## ACTION ITEM
Exclude every picture. Output verbatim the lines from the one containing "EARTH繡字與斜紋抽繩 增添穿搭亮點" to the end of the data.

## INFORMATION SUPPLIED

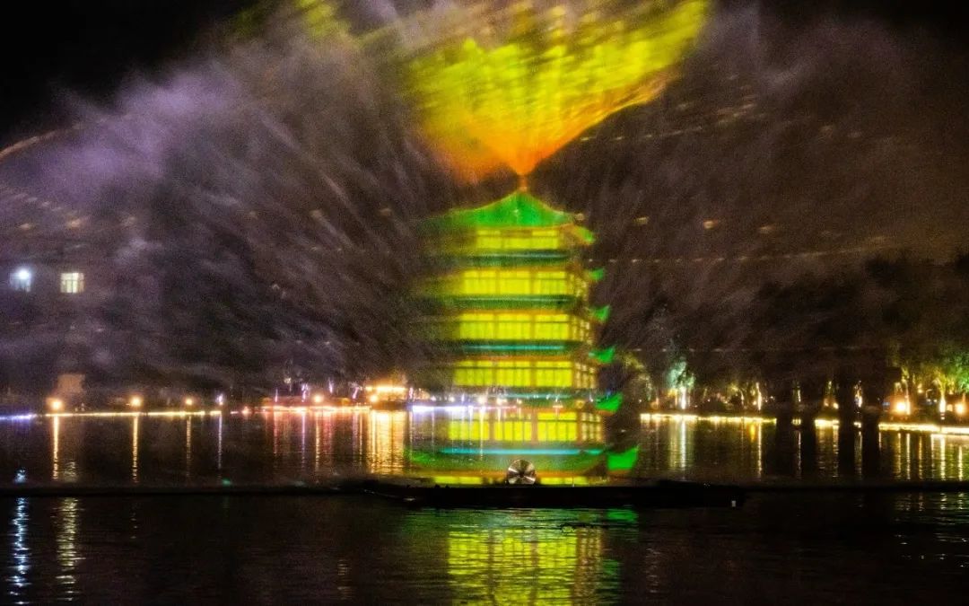 入夜,水上激光燈亮起,投射入水面,一時(shí)間河面燈光在水汽的氤氳下,如同海市蜃樓,分不清天上人間。
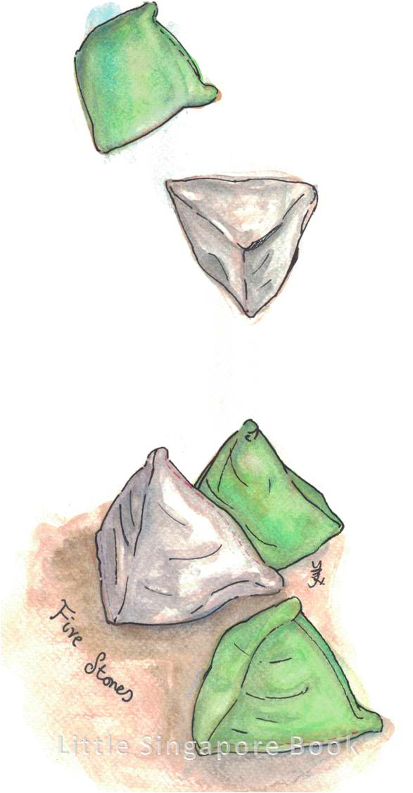 This is one of the most well known games during the early days of Independent Singapore. Almost every school girl would have a set of five stones in her pocket or bag, ready to play with friends.
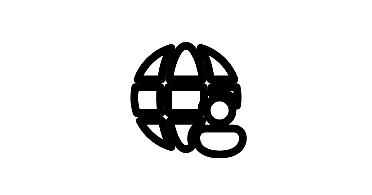The globe-person-24-filled icon represents a filled globe with a person, indicating a connection between a person and the globe in a UI or interface context.
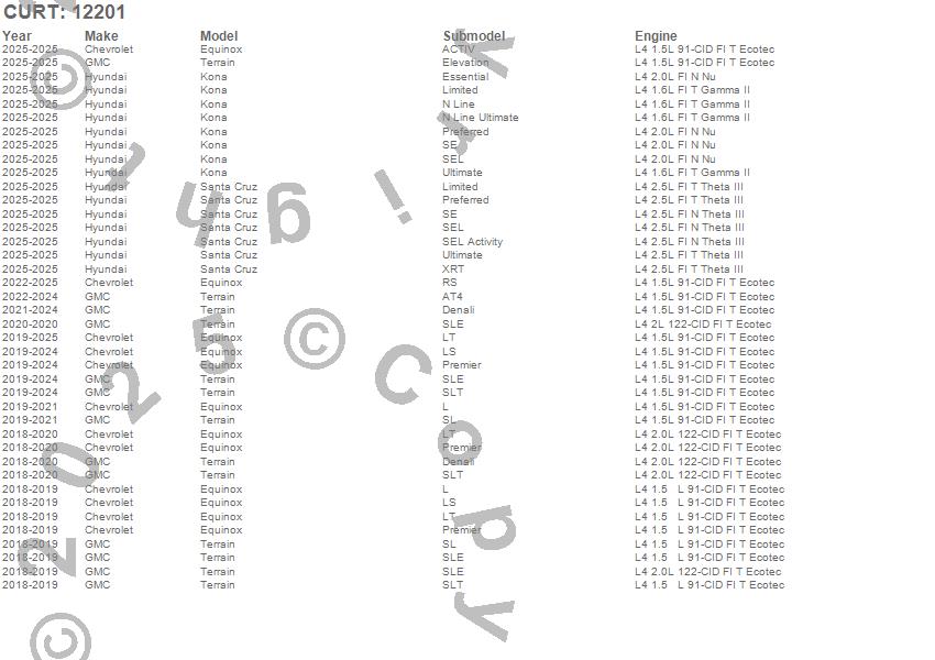 Below is an abbreviated list of applications for the Class II 1.25 in. Receiver Hitch.Equinox, Terrain, Chevrolet, GMC, 2026, 2025, 2024, 2023, 2022, 2021, 2020, 2019, 2018
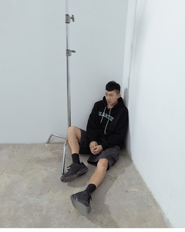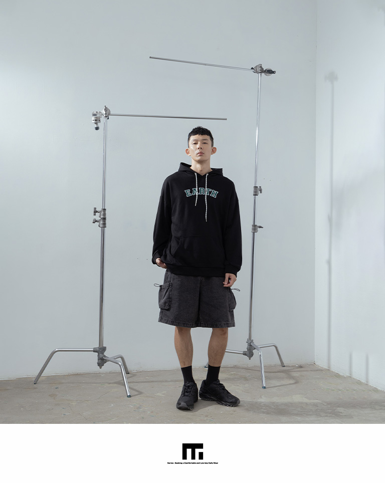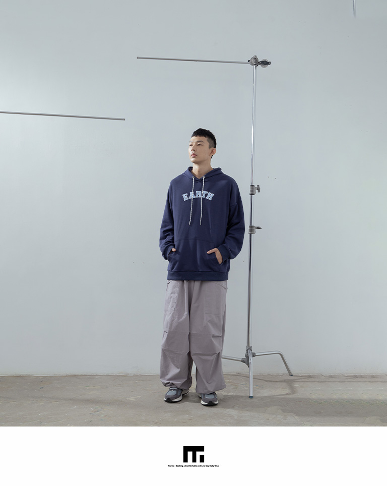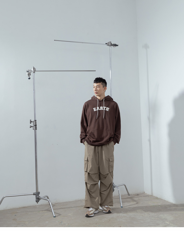 EARTH繡字與斜紋抽繩 增添穿搭亮點
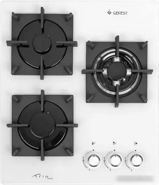 газовая на 3 конфорки, закаленное стекло, мощность: 5950 Вт, автоматический электроподжиг, газ-контроль, решетки: чугун, независимая установка, размеры (ШхГ): 45x52.5 см
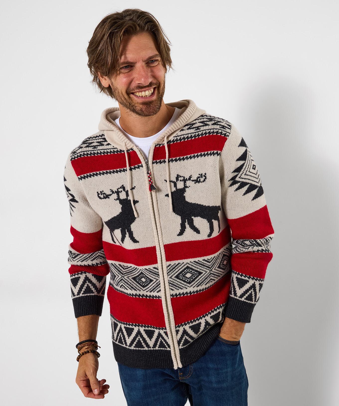 Dieser Hoodie mit festlichem Hirschmuster ist eine unverwechselbare Ergänzung für jede Garderobe. Das durchgehende Reissverschluss-Design ermöglicht vielseitiges Styling und einfaches Layering.

## RESULT FOR THIS TASK
 EARTH繡字與斜紋抽繩 增添穿搭亮點
 газовая на 3 конфорки, закаленное стекло, мощность: 5950 Вт, автоматический электроподжиг, газ-контроль, решетки: чугун, независимая установка, размеры (ШхГ): 45x52.5 см
 Dieser Hoodie mit festlichem Hirschmuster ist eine unverwechselbare Ergänzung für jede Garderobe. Das durchgehende Reissverschluss-Design ermöglicht vielseitiges Styling und einfaches Layering.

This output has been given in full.